И вот он лезет дарить мне чернильницу с тем, чтобы испытать чувство благодарности. Он ждет, что я ему скажу: «Спасибо, Паша, какой ты добрый».
И будет некоторое время чувствовать себя хорошо.
Но вот приходит инспектор и приказывает этому Паше выдрать мне ухо.
И Паша выдерет его, потому что он поглощен новым удовольствием – быть предпочтенным пред другими. Он лучше других, а другой, кому он дерет ухо, хуже его! Ощущения, какие бы то ни было, до того новы, что совершенно поглощают его, и только опомнившись, он плачет.
– Свинья ты этакая! – говорит ему будущий ловкач и адвокат Козлов: – стал драть за ухо товарища, подлец!
Паша плачет и говорит:
– На тебе чернильницу. Я не буду никогда.
– Не будешь ты, свинья этакая, – говорит Козлов, пряча чернильницу к себе. – Дрянь!
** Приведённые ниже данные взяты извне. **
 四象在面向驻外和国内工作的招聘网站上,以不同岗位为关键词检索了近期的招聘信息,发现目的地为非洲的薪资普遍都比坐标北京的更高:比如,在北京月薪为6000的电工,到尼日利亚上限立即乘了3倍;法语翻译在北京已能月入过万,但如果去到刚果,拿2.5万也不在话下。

– Возьми еще хрестоматию. Я не буду!
– Давай, свинья этакая, и хрестоматию!
Козлов обирает мальчика отлично! И, наконец, Козлов гладит его по голове, и они расстаются друзьями. Павлуша возвращается домой, к отцу. Отец, в знак любви, приготовил сыну подарок (потому что ни из чего другого семейные привязанности здесь не делаются).
– А где твоя чернильница?
– Козлов взял.
– Как взял?.
– Просто говорит: «отдай!»
– Какая шельма!
Павлуша врет; но врет именно потому, что приятно чувствовать, как «заступается отец», давно желающий на какой-нибудь манер показать любовь к сыну. Павлуша не желает терять благоприятной минуты ни для себя, ни для отца. Да и «чувствовать себя несчастным», в виду такой непоколебимой защиты, как отец, тоже приятно.
И врет. Козлов представлен чистым разбойником.
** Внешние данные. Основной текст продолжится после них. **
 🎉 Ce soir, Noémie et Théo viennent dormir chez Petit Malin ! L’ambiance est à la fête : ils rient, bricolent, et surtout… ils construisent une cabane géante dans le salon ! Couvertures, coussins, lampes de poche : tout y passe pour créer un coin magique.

– Я его, каналью! – говорит отец.
На другой день, по жалобе отца, Козлова секут.
– Свинья ты подлая! – говорит Козлов; но потом мирится на подарках.
Я взял этого обездушенного мальчика под свое покровительство; но из этого не вышло ничего. Бросался он на все, повидимому, с азартом; но это только повидимому.
Впоследствии из него явно стала выходить фигурка, которой бы нужно было что-нибудь поновей, да по возможности приятно, да чтобы и ненадолго.
Я бы никогда не кончил, если бы стал обстоятельно перечислять сотни виденных мною людей, тщетно жаждавших осветить свое горестное существование какою-нибудь мыслью. Исполняя виды высшей воли, они чахли в собственной пустоте, почти не зная, что они люди. Единственный раз в моей жизни я видел, как зашевелилась общественная душа и когда почти до краев было полно существование каждого из этих мучеников. Это было во время войны. В общественной душе еще уцелел каким-то образом какой-то «турок» с неумытым рылом, град и гроб Христовы, Христовы страдания. Все эти вещи были воспитаны крепко и почему-то не были тронуты порядком. Как они, пробудившись, оживили всех и всё!
Чиновник, который вчера в пьяном виде еще не знал, за что подраться на свадьбе у приятеля, и выдумывал предлогом для драки обстоятельство, которое сам считал пустяками, например начинал придираться к хозяевам с криком: «а обещали подать малиновое мороженое! где оно?» – чиновник этот в настоящую пору требует к суду Викторию, кричит: «подайте мне ее!» и искренен в этом крике, хотя и глуп. Мещанин, который вчера еще, ободрав падаль и продав шкуру, не знал, за что приняться, воротившись домой, – колотить ли семью, пойти ругаться к соседу, лечь ли спать или ударить поленом свинью, – знал теперь, что ему делать: сколько он жене принес секретных известий с театра войны! И у жены тоже они есть; да и ребенок, который прежде не мог рассчитывать ни на что, кроме подзатыльника, теперь нес с улицы также какое-то новейшее известие и внимательно выслушивался, да и сам знал, во что играть: вчера он просто лез головой в заборную щель и кричал от боли на всю улицу, а теперь он играет «в войну». Богач купец, который ездил к Акульке и сорил деньгами перед всей ее солдатской родней, с просьбою успокоить его; который, не будучи успокоен, напивался до чортиков в своих обширных палатах и лез, к стыду своему, на крышу гонять голубей, – и тот вспомнил турка и бога, и тому пришло на память, что, кроме медалей, есть еще душа. И вот он, вместо Акульки на площади, – уже перед воинами и даже говорит речь.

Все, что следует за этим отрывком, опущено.